Data records START

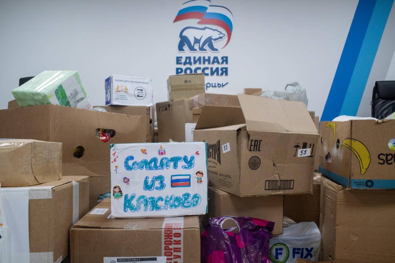Отделение «Союза женщин России» городского округа Люберцы с активистами «Единой России» и школьниками передали порядка 500 килограммов гуманитарной помощи военнослужащим 45-й отдельной гвардейской бригады.
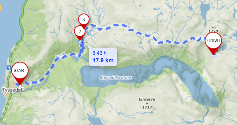- Nejkratší možný hike k cíli a zpět dává dohromady cca 20 km -> pořádná obuv nutná (z Tyssedalu a zpět jsme naměřili přes 40 km chůze).
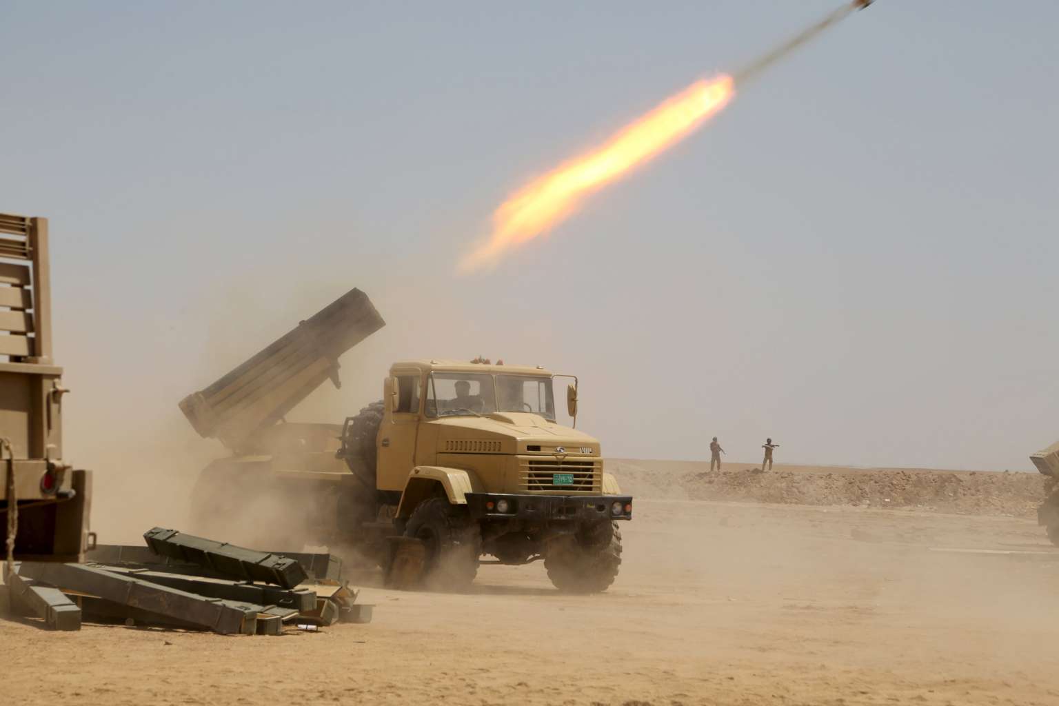 Iraqi security forces launch a rocket towards Islamic State in Iraq and Syria militant positions on the outskirts of Anbar province, Iraq, on Aug 22, 2015
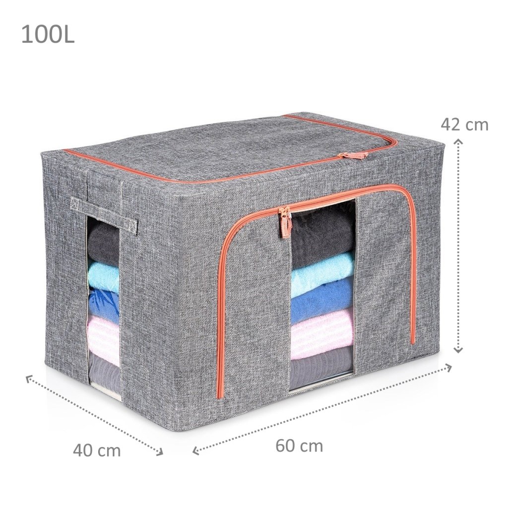 ✔ Pevná konštrukcia – vnútro krytu má kovové rámy, ktoré mu dodávajú stabilný tvar, zabraňujú jeho zloženiu a uľahčujú estetické a usporiadané skladovanie oblečenia a posteľnej bielizne. Možno ho zložiť do plochého stavu.
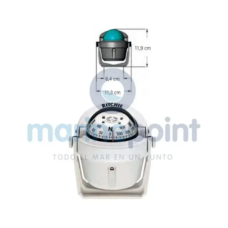 Direct reading compass. Rose with an apparent diameter of 70 mm Movement on a sapphire and steel pivot.Interior lighting at 12V. Built-in compensators.Ritchie NavigationØ: 70 mm 2 3/4 ''
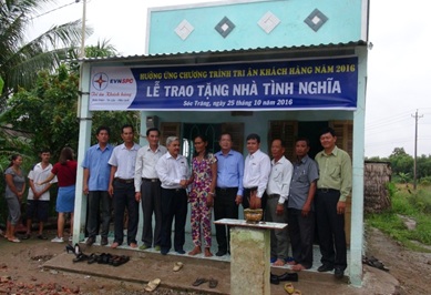 Trong năm 2016, riêng tại tỉnh Sóc Trăng EVN SPC đã hỗ trợ kinh phí để xây dựng 10 căn nhà tỉnh nghĩa cho các gia đình nghèo, gia đình có hoàn cảnh đặc biệt khó khăn với tổng trị giá 500 triệu đồng./.
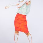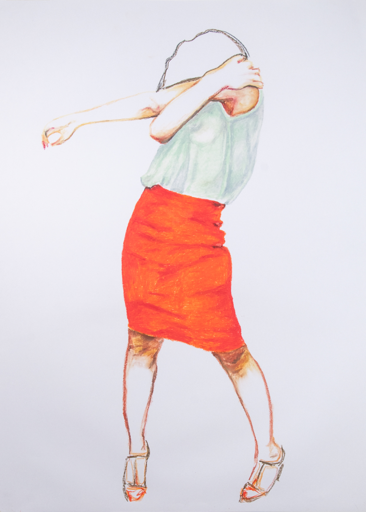 Su questa linea si pone ad esempio la proposta di Antonia Bufi. Con pastelli a cera su carta aggraziate figurine femminili in pose domestiche sono tratteggiate nei dettagli e colorate solo in parte, con volti e frammenti di corpo vuoti, scontornate sul fondo bianco e impegnate in strane e un po’ buffe contorsioni. “Un dinamismo del corpo, dettato da movimenti interiori, trasforma l’irrequietezza dell’anima”, annota l’autrice. Confermando il rapporto che lega qui interno ed esterno, In e out come s’intitola la serie, sè e gli altri.
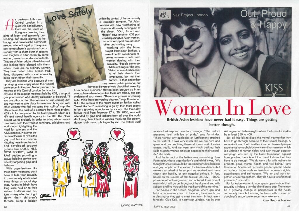 Tania, a volunteer who works there who manages in the Asian women’s gay context knows you don’t see things as social systems do. Asians in Britain are bound to stick to the values, traditions of their culture — very often forcing it down their children’s throats. Being a lesbian within the context of the community is incredibly complex. Yet Asian women are now weathering it all and bravely coming out of the closet. “Out, Proud and Happy” says another KISS poster card depicting two Asian women wrapped around each other.
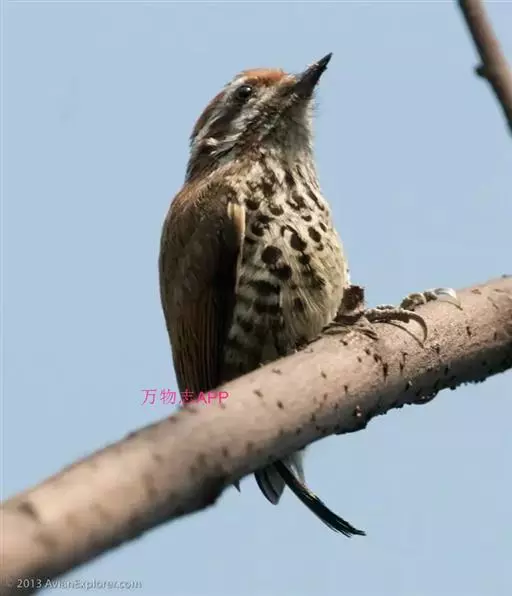 斑姬啄木鸟(学名:Picumnus innominatus),背至尾上覆羽橄榄绿色,两翅暗褐色,外缘沾黄绿色,翼缘近白色,翅上覆羽和内侧飞羽表面同背。尾羽黑色,中央一对尾羽内侧白色或黄白色,外侧3对尾羽有宽阔的斜行白色或淡黄白色次端斑。虹膜褐色或红褐色,嘴和脚铅褐色或灰黑色。常单独活动,多在地上或树枝上觅食,较少像其它啄木鸟那样在树干攀缘。繁殖期为4-7月。营巢于树洞中,每窝产卵3-4枚。

Data records END

Repeat, exactly and in full, all the material above except its pictures.

▶ **Reply**
Отделение «Союза женщин России» городского округа Люберцы с активистами «Единой России» и школьниками передали порядка 500 килограммов гуманитарной помощи военнослужащим 45-й отдельной гвардейской бригады.
- Nejkratší možný hike k cíli a zpět dává dohromady cca 20 km -> pořádná obuv nutná (z Tyssedalu a zpět jsme naměřili přes 40 km chůze).
 Iraqi security forces launch a rocket towards Islamic State in Iraq and Syria militant positions on the outskirts of Anbar province, Iraq, on Aug 22, 2015
 ✔ Pevná konštrukcia – vnútro krytu má kovové rámy, ktoré mu dodávajú stabilný tvar, zabraňujú jeho zloženiu a uľahčujú estetické a usporiadané skladovanie oblečenia a posteľnej bielizne. Možno ho zložiť do plochého stavu.
 Direct reading compass. Rose with an apparent diameter of 70 mm Movement on a sapphire and steel pivot.Interior lighting at 12V. Built-in compensators.Ritchie NavigationØ: 70 mm 2 3/4 ''
 Trong năm 2016, riêng tại tỉnh Sóc Trăng EVN SPC đã hỗ trợ kinh phí để xây dựng 10 căn nhà tỉnh nghĩa cho các gia đình nghèo, gia đình có hoàn cảnh đặc biệt khó khăn với tổng trị giá 500 triệu đồng./.
 Su questa linea si pone ad esempio la proposta di Antonia Bufi. Con pastelli a cera su carta aggraziate figurine femminili in pose domestiche sono tratteggiate nei dettagli e colorate solo in parte, con volti e frammenti di corpo vuoti, scontornate sul fondo bianco e impegnate in strane e un po’ buffe contorsioni. “Un dinamismo del corpo, dettato da movimenti interiori, trasforma l’irrequietezza dell’anima”, annota l’autrice. Confermando il rapporto che lega qui interno ed esterno, In e out come s’intitola la serie, sè e gli altri.
 Tania, a volunteer who works there who manages in the Asian women’s gay context knows you don’t see things as social systems do. Asians in Britain are bound to stick to the values, traditions of their culture — very often forcing it down their children’s throats. Being a lesbian within the context of the community is incredibly complex. Yet Asian women are now weathering it all and bravely coming out of the closet. “Out, Proud and Happy” says another KISS poster card depicting two Asian women wrapped around each other.
 斑姬啄木鸟(学名:Picumnus innominatus),背至尾上覆羽橄榄绿色,两翅暗褐色,外缘沾黄绿色,翼缘近白色,翅上覆羽和内侧飞羽表面同背。尾羽黑色,中央一对尾羽内侧白色或黄白色,外侧3对尾羽有宽阔的斜行白色或淡黄白色次端斑。虹膜褐色或红褐色,嘴和脚铅褐色或灰黑色。常单独活动,多在地上或树枝上觅食,较少像其它啄木鸟那样在树干攀缘。繁殖期为4-7月。营巢于树洞中,每窝产卵3-4枚。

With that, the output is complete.